Test availability for fetal diagnosis.

Availability of prenatal interventions to improve perinatal outcome and/or availability of delivery interventions to optimize newborn and infant outcome.

In a 2017 review of conditions included on commercial expanded carrier screening panels available in the United States, only 27 percent of the conditions included in the panels overall met these criteria for inclusion [20].

Which conditions should not be screened for? — Experts generally discourage genetic carrier screening for the following conditions. Including these types of disorders in a reproductive screening panel is in direct conflict with accepted clinical criteria for reproductive screening programs.

Conditions with adult onset. Some adult-onset conditions may sometimes present during childhood (eg, alpha-1 antitrypsin deficiency). For these conditions, ideally molecular testing should be available that can distinguish between childhood and adult onset.

Conditions for which the natural history is unknown or poorly established.

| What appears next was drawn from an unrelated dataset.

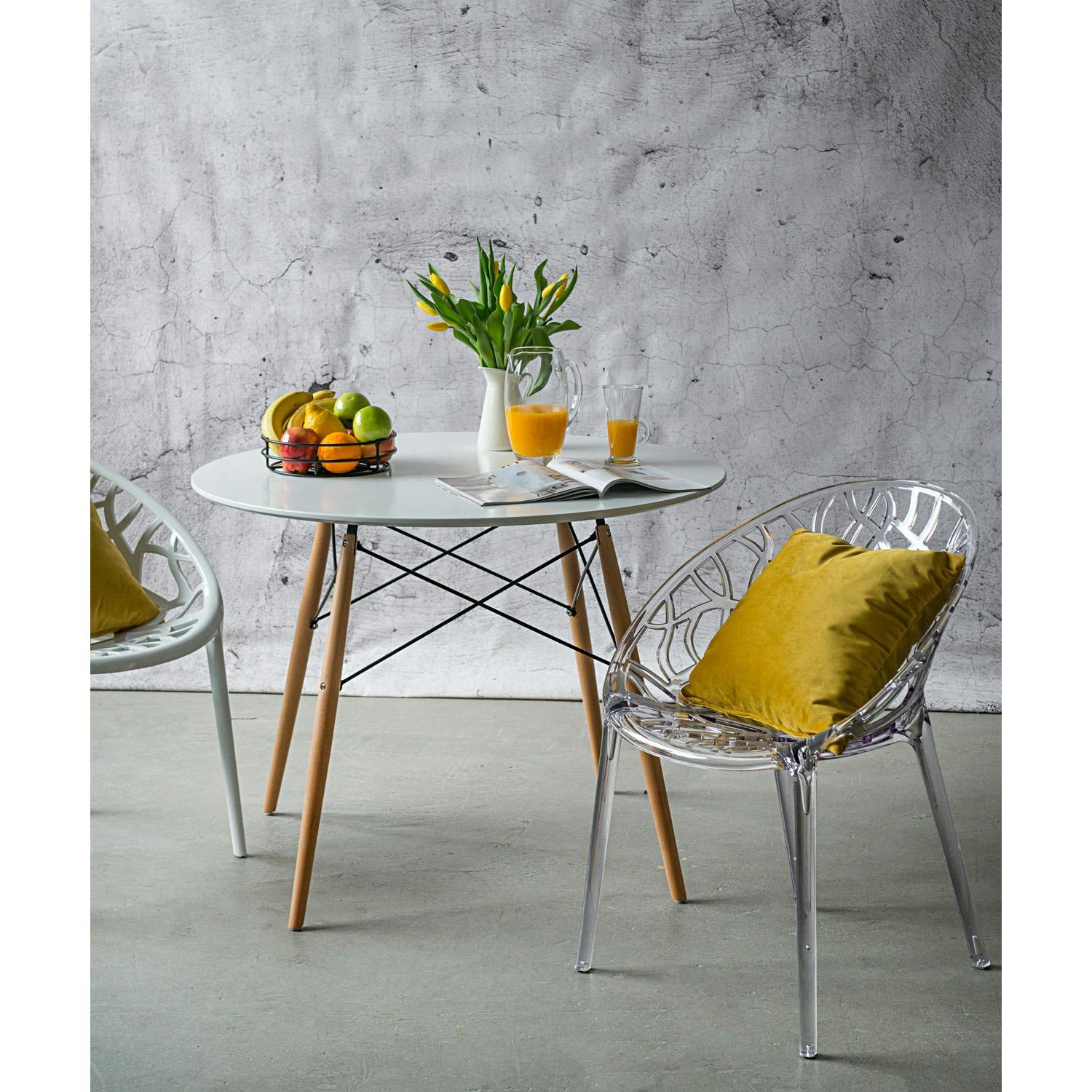 Niezwykły stolik o klasycznej formie. Blat stołu wykonany jest z lakierowanej płyty MDF. Podstawa wykonana jest z drewna bukowego oraz metałowych łączeń lakierowanych na czarno kontrastujących z białym blatem stolika.Cechy produktu

Conditions that occur with a very low frequency.

Conditions with variants that have high allele frequencies but low penetrance of a phenotype (eg, methylene tetrahydrofolate reductase variants).

Conditions in which screening performance may be better with nonmolecular screening techniques (eg, screening for sickle cell trait by hemoglobin electrophoresis).

The techniques used in expanded carrier screening test panels are not yet recommended to replace alternative screening modalities, specifically for hemoglobinopathy screening and for Tay Sachs screening in individuals not of Ashkenazi Jewish ancestry. Please note that for individuals of Ashkenazi ancestry, gene sequencing of the common alleles is reasonable as it will detect >98 percent of Tay Sachs carriers.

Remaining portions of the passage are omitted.